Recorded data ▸
※ ※ ※
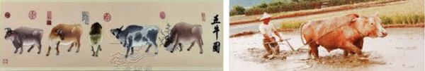 左:唐代画家韩滉的作品《五牛图》, 右:农耕牛犁田
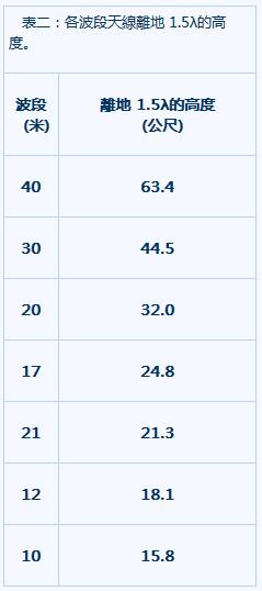 為要解答這問題,逝世不久的名業余家,羅生 (JIM LAWSON, W2PV),曾作了很多天線高度的試驗,并在他的「八木天線設計」一,書中,作出一項結論,認為天線高度在 1.5 倍波長 (λ)時,能面面俱到,是最實用的高度。附表二即例示各波段在 1.5 λ的高度。
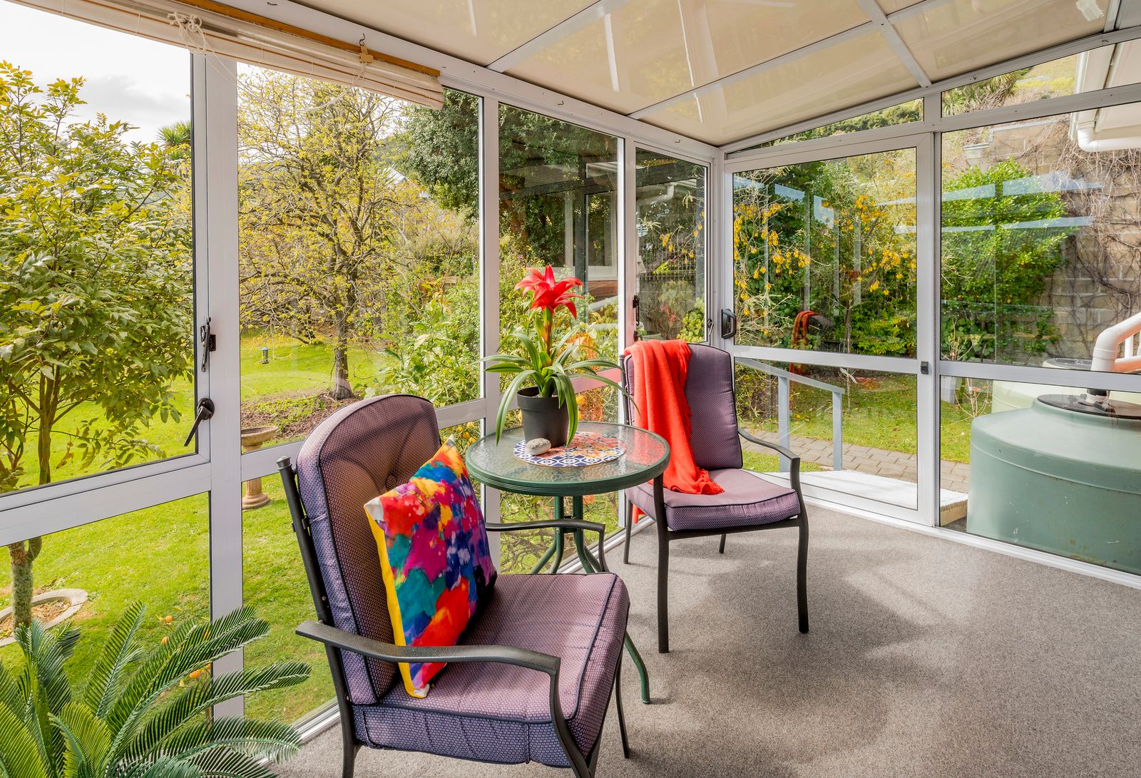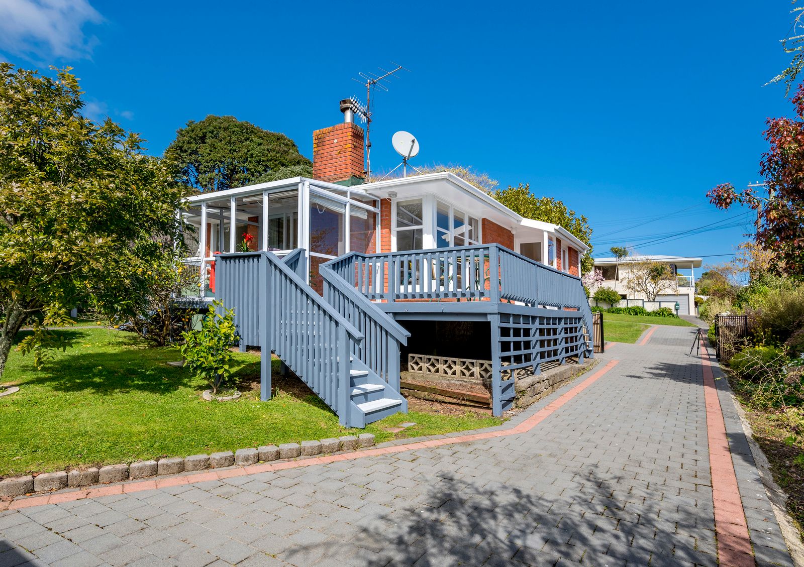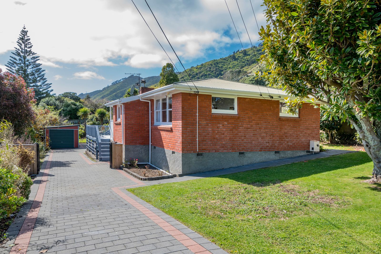 The sunlit living area seamlessly flows into a bright conservatory and decking overlooking the large section with mature trees and birdlife from the nearby Hemi Matenga Reserve.
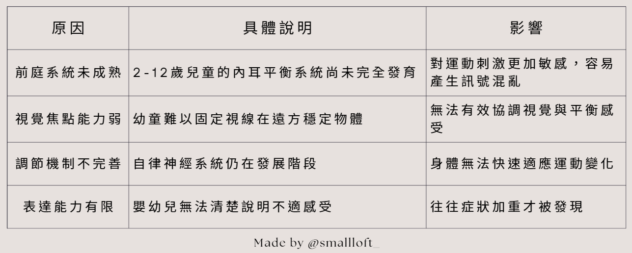 2~12歲兒童:這是暈車最常見的年齡層,尤其是3-8歲的學齡前及學齡兒童。這個階段前庭系統正在發育,特別容易受到運動刺激影響。
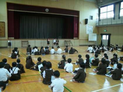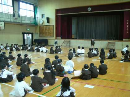 2時間目に2年生が1年生を案内しながら学校たんけんをしました。
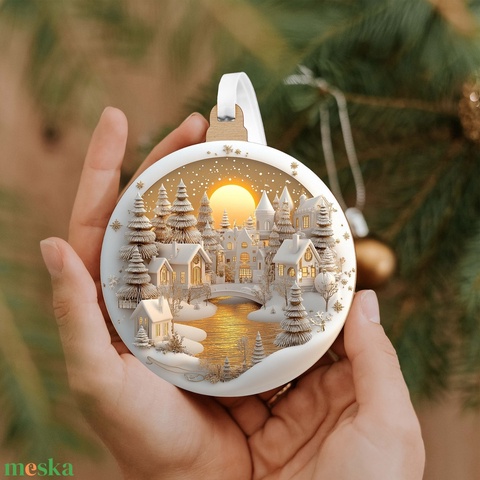 Ez a karácsonyfadísz egy fehér–arany téli tájat ábrázol, középpontjában egy nagy, aranyló teliholddal. A havas hegyek és a kis falurészlet letisztult, békés hangulatot adnak a dísznek, amely modern és elegáns stílusban illeszkedik az ünnepi dekorációhoz.
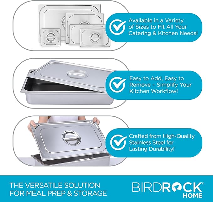 - STAINLESS STEEL LIDS: BIRDROCK HOME Stainless Steel Steam Table Pan Lids are crafted for restaurant and catering needs. These versatile lids are ideal for meal prep, cooking, and food storage, keeping food protected and at the right temperature.
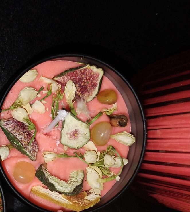 Discover inner peace and emotional balance with our newest candle. Infused with the scents of figs, yellow agate crystal,red gomphrena globosa flowers, and jasmine oils and buds, this candle promotes positive energy and confidence while balancing the solar plexus chakra. Experience enduring love, passion, and resilience with this divine blend.
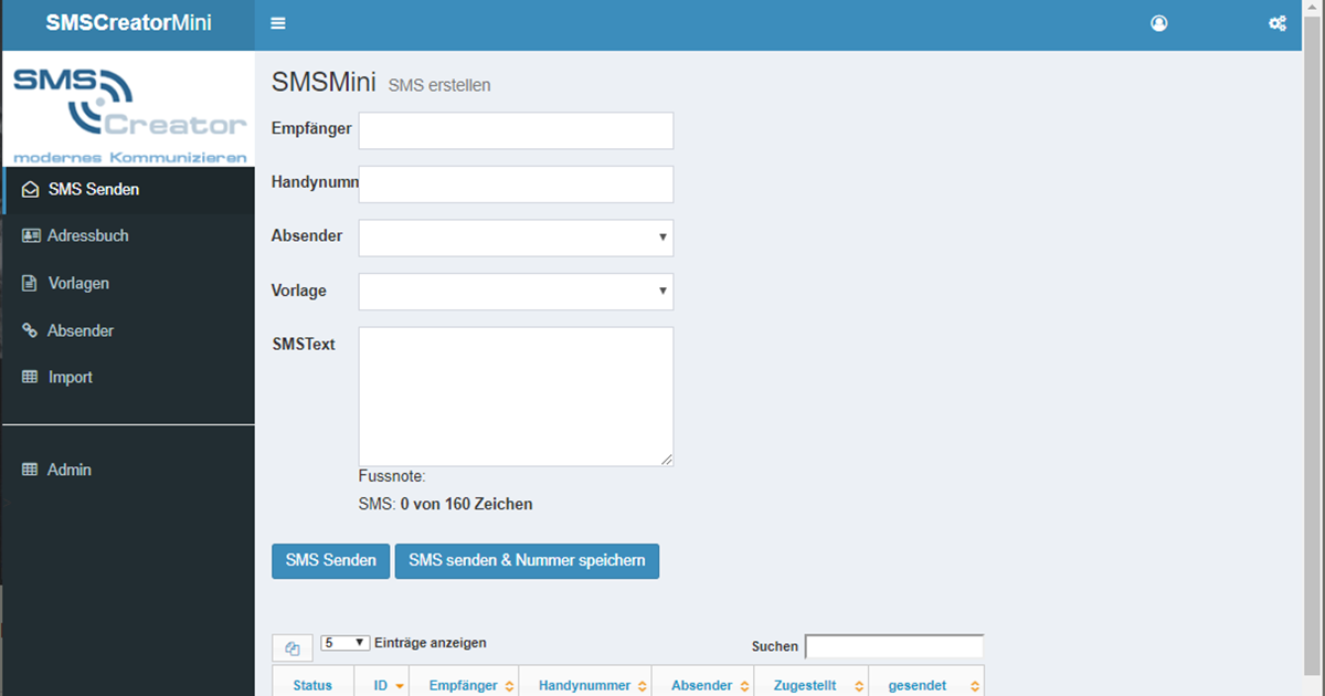 Mit dem neuesten Produkt aus der SMSCreator Familie haben Sie Ihre Firmenkommunikation im Griff. Mit einer einfachen Administrationsoberfläche können Sie Benutzer hinzufügen, die dann wiederum SMS versenden können. So kann das SMS Kontingent im ganzen Unternehmen genutzt werden. Mit einem Ampelsystem sehen Sie, welche SMS zugestellt wurden oder welche den Empfänger noch nicht erreicht haben.
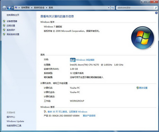 运行Windows 7还是很流畅的,这还是1G的内存哦,呵呵。
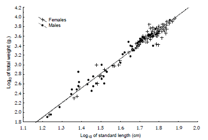 Ancova for the assumption of parallelism was reached (p = 0.54) and indicated that slopes in the relationship between standard length and total weight may be considered equal (Figure 2).
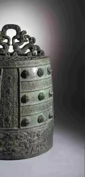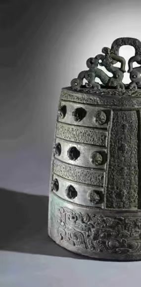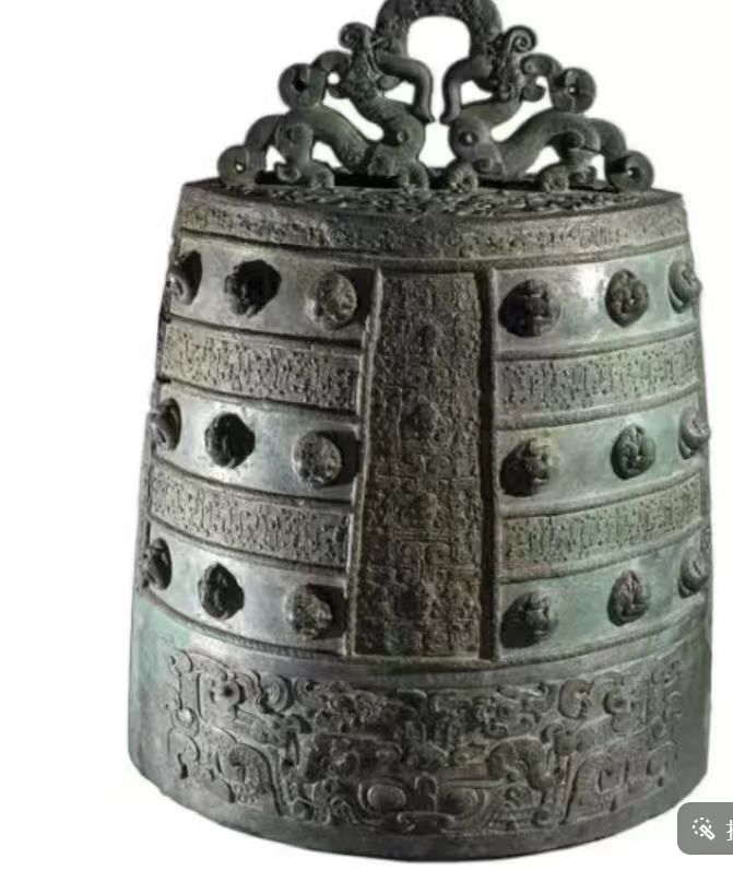 中国青铜钟 来自中国,东周时期,约公元前6-5世纪。钟上的所有窄边都是用相同的蟠龙纹
※ ※ ※
Nothing outside the stretch above, from the line with "(λ)時,能面面俱到,是最實用的高度。附表二即例示各波段在 1.5 λ的高度。" through the line with "Ez a karácsonyfadísz", is set down. Transcribe that stretch exactly, ends included, but not its pictures.

SOLUTION FOR THIS PROBLEM ▸
 為要解答這問題,逝世不久的名業余家,羅生 (JIM LAWSON, W2PV),曾作了很多天線高度的試驗,并在他的「八木天線設計」一,書中,作出一項結論,認為天線高度在 1.5 倍波長 (λ)時,能面面俱到,是最實用的高度。附表二即例示各波段在 1.5 λ的高度。
 The sunlit living area seamlessly flows into a bright conservatory and decking overlooking the large section with mature trees and birdlife from the nearby Hemi Matenga Reserve.
 2~12歲兒童:這是暈車最常見的年齡層,尤其是3-8歲的學齡前及學齡兒童。這個階段前庭系統正在發育,特別容易受到運動刺激影響。
 2時間目に2年生が1年生を案内しながら学校たんけんをしました。
 Ez a karácsonyfadísz egy fehér–arany téli tájat ábrázol, középpontjában egy nagy, aranyló teliholddal. A havas hegyek és a kis falurészlet letisztult, békés hangulatot adnak a dísznek, amely modern és elegáns stílusban illeszkedik az ünnepi dekorációhoz.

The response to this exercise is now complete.